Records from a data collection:
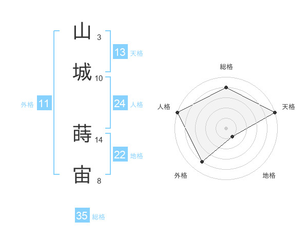 山城 蒔宙さんを姓名の画数から五運を鑑定
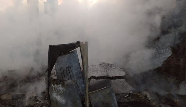 Наслідки ворожого обстрілу: пожежа у житловому секторі Родинського (ФОТО)
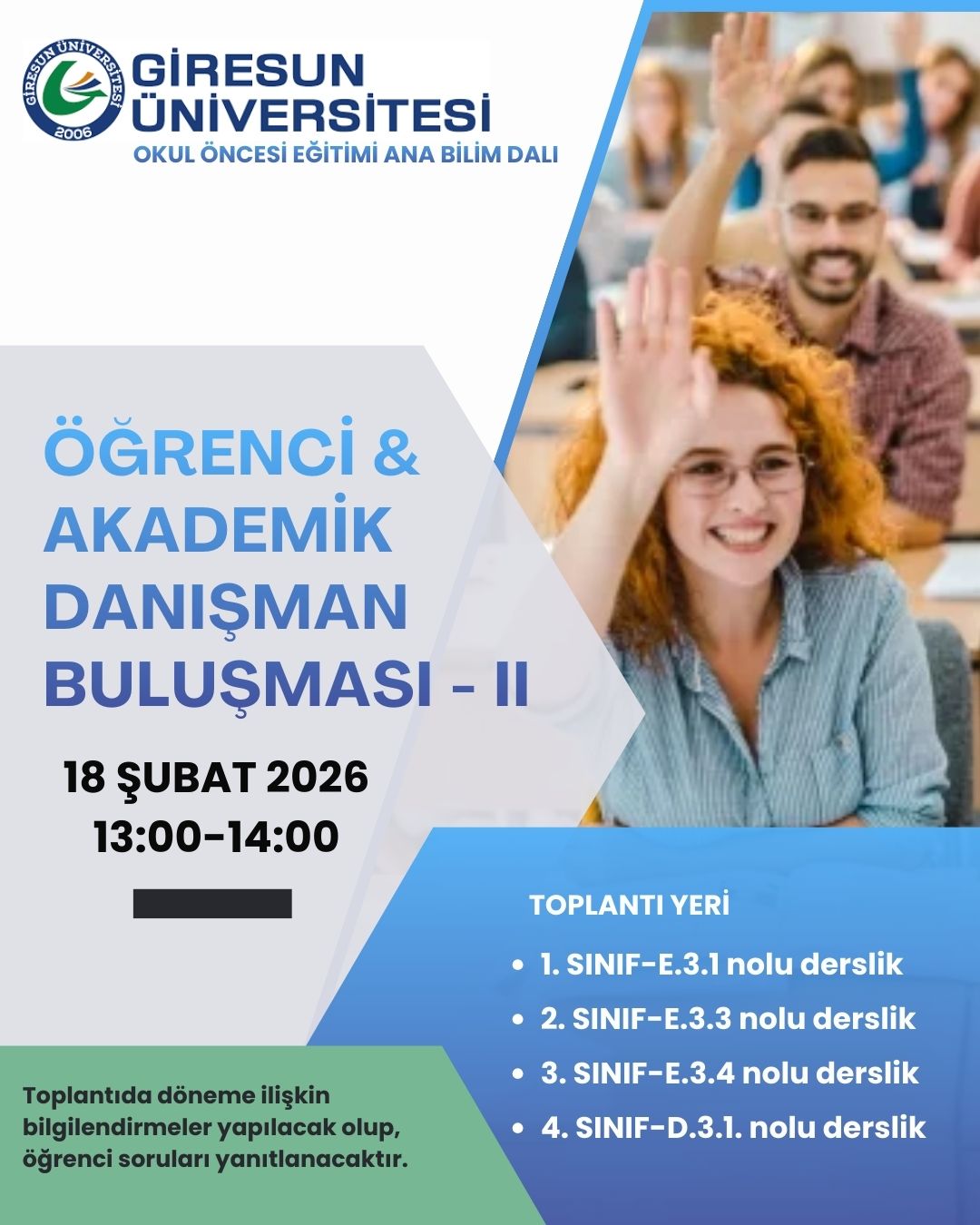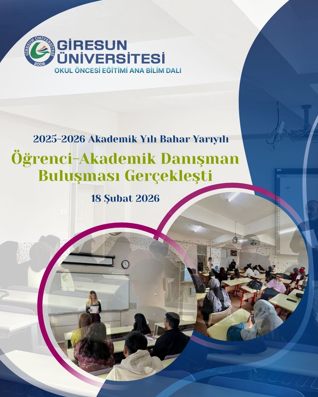 Fakültemiz Temel Eğitim Bölümü Okul Öncesi Eğitimi Ana Bilim Dalı tarafından, 2025-2026 akademik yılında programa devam eden 2., 3. ve 4. sınıf öğrencilerine yönelik öğrenci-akademik danışmanlık buluşması gerçekleştirildi.
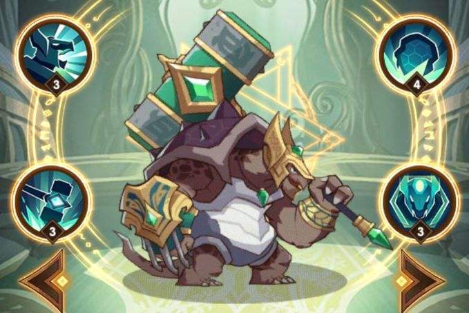入场时自身产生一个50%生命值的护盾,持续8秒,每次释放必杀技时产生一个额外的护盾。这个技能要配合专武,专武会让高尔沃受到的任何护盾都大幅增加数值,不愧是有龟壳的,有厚厚的盾挂在身上非常舒适,能免疫不少控制。
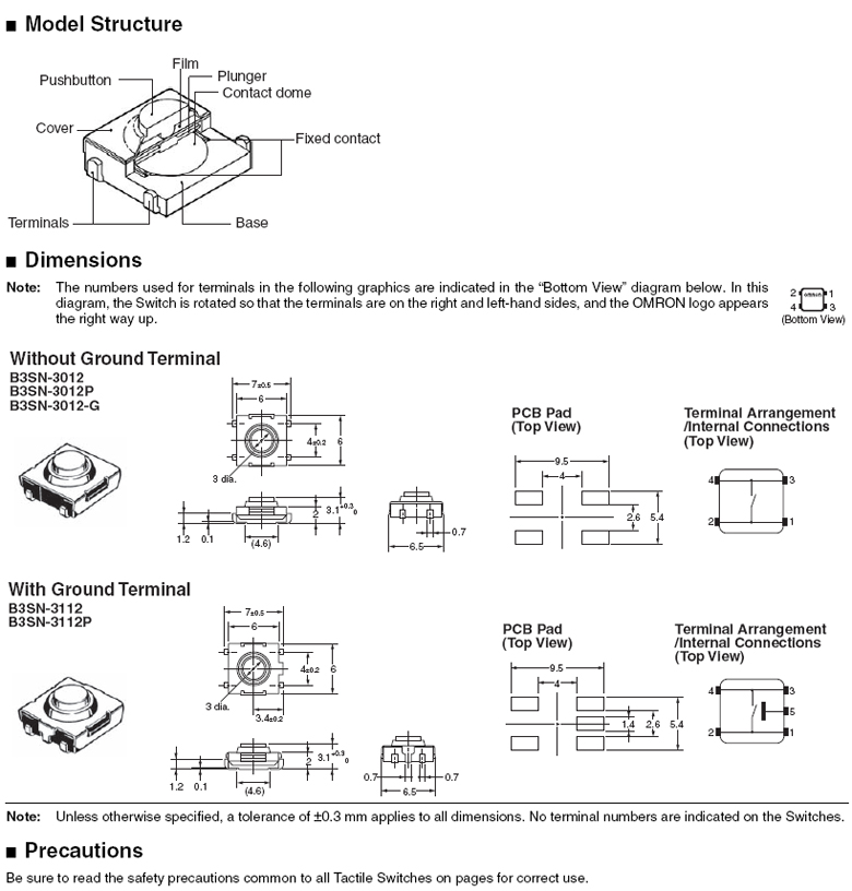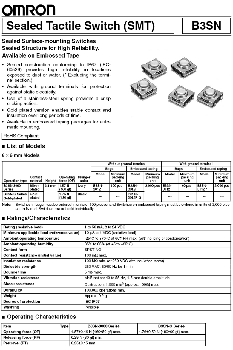 OMRON_B3SN系列 觸摸開關
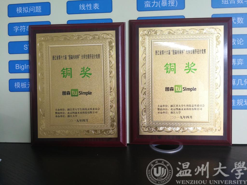 4月27日,浙江省第十六届大学生程序设计竞赛(ACM省赛)在浙江大学紫金港校区举行,区块链游戏 荣获两项铜奖,分别由贝塔队(队员:16电信2班王文轩、17网工2班王鑫宇和吴江宏)和阿尔法队(队员:16计本1班钟庭彪、李克炼和孙铤超)获得。
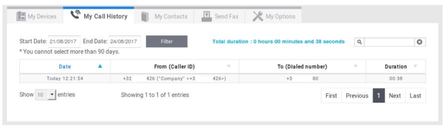 This Tab allows the user to consult his own call history.
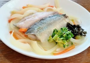 〈材料〉1鯵1尾-2玉ねぎ(くし切り)30g-3人参(せん切り)20g-4白ワイン100cc-5オリーブ油大さじ1杯-6塩少々-7焼のり全形1/4枚-8大根茎葉
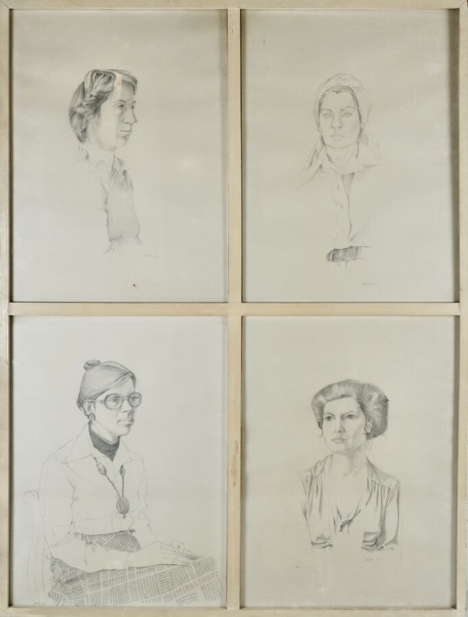 Jacques JOOS (1945-2021), "Polyptique de portraits", crayon sur papier, signé, titré au dos, 100 x 75 cm.
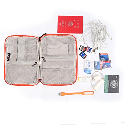 Easy access mesh pockets expand to store multiple sizes of USB drive, 2 zipper mesh pockets for 2.5 inch hard drive or portable power
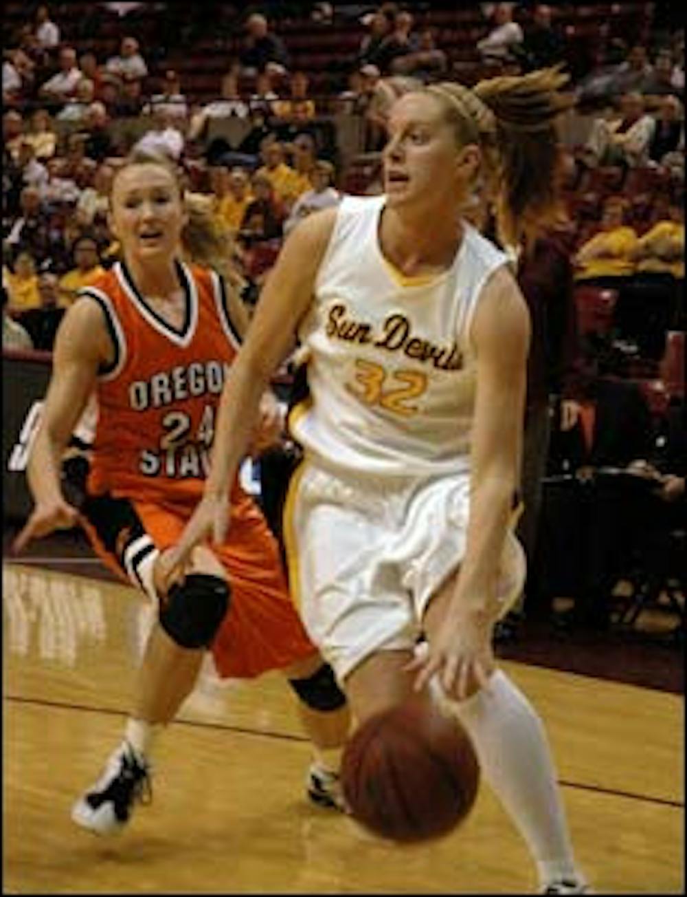 ASU junior forward Kristen Kovesdy, right, shoots over Oregon State freshman forward Tiffany Ducker at Wells Fargo Arena on Thursday night. See story, page 11.

◆ Task details
Each line above that falls between the line with "Наслідки ворожого обстрілу: пожежа" and the line with "Easy access mesh" should be printed exactly, together with those two lines, but the pictures should not.

◆ Answer area
 Наслідки ворожого обстрілу: пожежа у житловому секторі Родинського (ФОТО)
 Fakültemiz Temel Eğitim Bölümü Okul Öncesi Eğitimi Ana Bilim Dalı tarafından, 2025-2026 akademik yılında programa devam eden 2., 3. ve 4. sınıf öğrencilerine yönelik öğrenci-akademik danışmanlık buluşması gerçekleştirildi.
入场时自身产生一个50%生命值的护盾,持续8秒,每次释放必杀技时产生一个额外的护盾。这个技能要配合专武,专武会让高尔沃受到的任何护盾都大幅增加数值,不愧是有龟壳的,有厚厚的盾挂在身上非常舒适,能免疫不少控制。
 OMRON_B3SN系列 觸摸開關
 4月27日,浙江省第十六届大学生程序设计竞赛(ACM省赛)在浙江大学紫金港校区举行,区块链游戏 荣获两项铜奖,分别由贝塔队(队员:16电信2班王文轩、17网工2班王鑫宇和吴江宏)和阿尔法队(队员:16计本1班钟庭彪、李克炼和孙铤超)获得。
 This Tab allows the user to consult his own call history.
 〈材料〉1鯵1尾-2玉ねぎ(くし切り)30g-3人参(せん切り)20g-4白ワイン100cc-5オリーブ油大さじ1杯-6塩少々-7焼のり全形1/4枚-8大根茎葉
 Jacques JOOS (1945-2021), "Polyptique de portraits", crayon sur papier, signé, titré au dos, 100 x 75 cm.
 Easy access mesh pockets expand to store multiple sizes of USB drive, 2 zipper mesh pockets for 2.5 inch hard drive or portable power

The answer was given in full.